When training a machine learning model, class imbalance is a common problem where one class (the majority class) has significantly more samples than another (the minority class). This can cause the model to be biased towards the majority class and perform poorly on the minority class.
SMOTE (Synthetic Minority Over-sampling Technique)1 is a simple method to combat this. Instead of simply duplicating existing data, SMOTE creates new, synthetic samples in the feature space that are “close” to the existing minority class samples.
SMOTE works by “drawing lines” between existing minority samples and generating new points along those lines. This helps the classification algorithm to learn better decision boundaries. The process for creating each synthetic sample is as follows:
- Randomly pick a data point from the minority class.
- Identify its k nearest neighbors that also belong to the minority class.
- Randomly select one of those neighbors.
- Generate a new data point at a random location on the line segment connecting the original sample and its chosen neighbor.

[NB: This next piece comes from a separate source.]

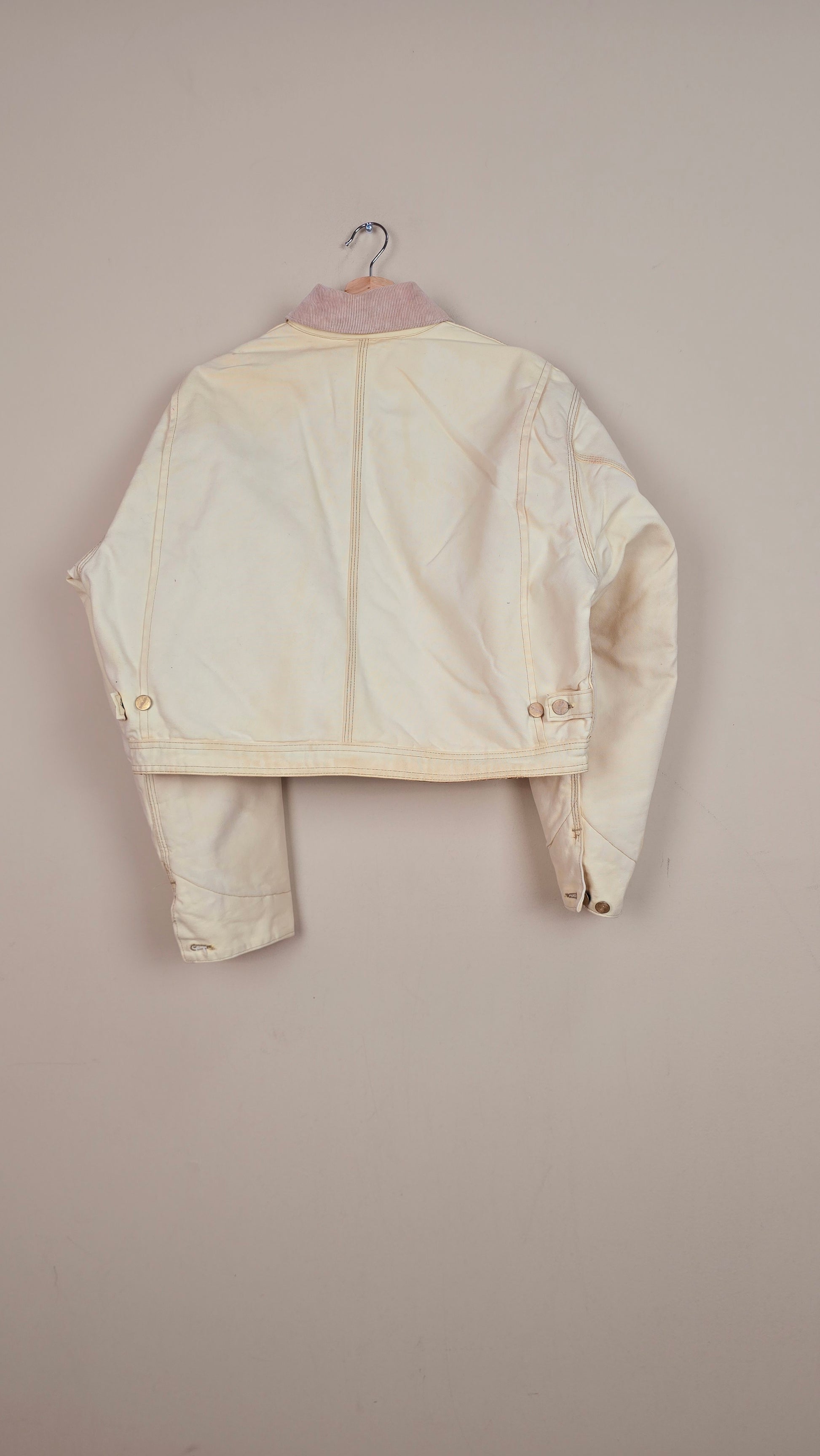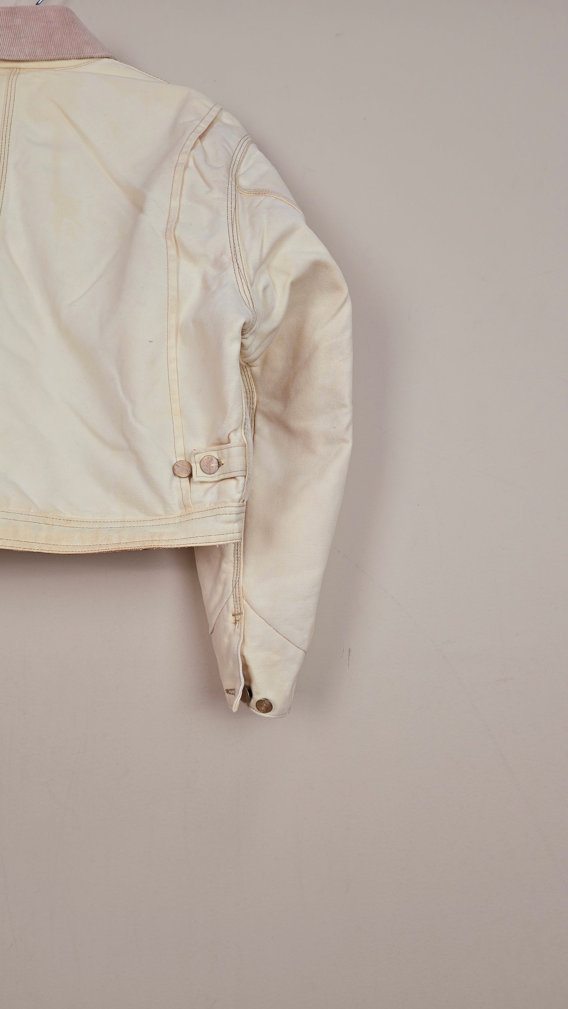 Featuring early 90s crop style Carhartt Jacket in beige with contrasting corduroy collar.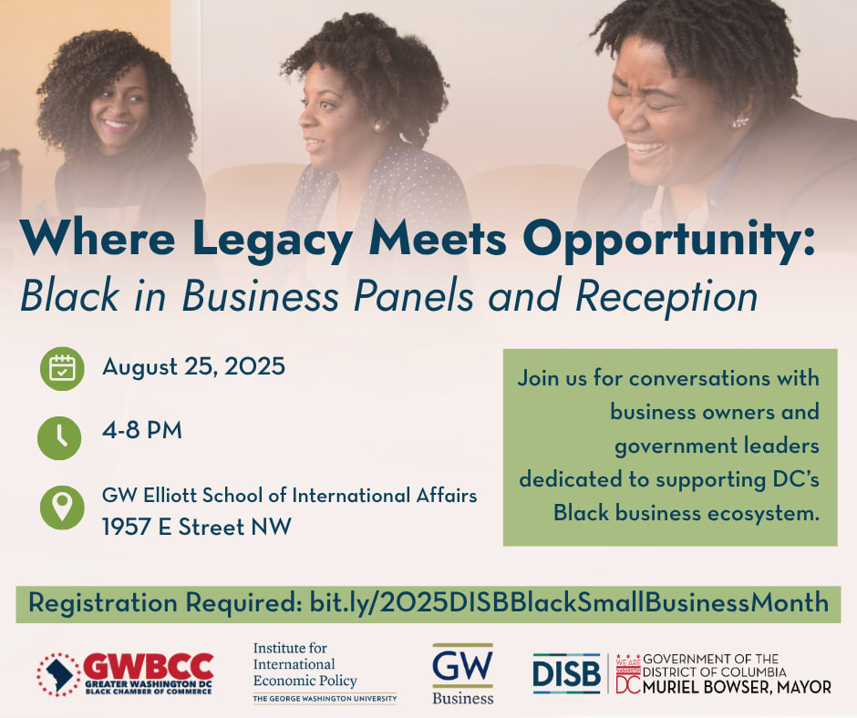 In celebration of Black Small Business Month, observed every August, the Greater Washington DC Black Chamber of Commerce (GWBCC), in partnership with the George Washington University and the DC Department of Insurance, Securities & Banking (DISB), invite you to Black in Business: Where Legacy Meets Opportunity—an empowering evening focused on financial education and access to capital.

This method can be problematic for certain data distributions as it always creates new samples along a straight line. On the “Circle” dataset, you’ll see many new data points appear in the empty middle of the circle. This happens when SMOTE connects two points from opposite sides, generating a new sample along the line that cuts through the center. Increase k for a stronger effect. With the “Two Clusters”, a similar issue occurs. If a point in one cluster selects a neighbor from the other cluster, the new synthetic point will be placed in the empty space between them, incorrectly bridging the gap.
Footnotes
-
Chawla, N., Bowyer, K., Hall, L., & Kegelmeyer, W. (2002). SMOTE: Synthetic Minority Over-sampling Technique. Journal of Artificial Intelligence Research, 16, 321–357. arXiv:1106.1813. ↩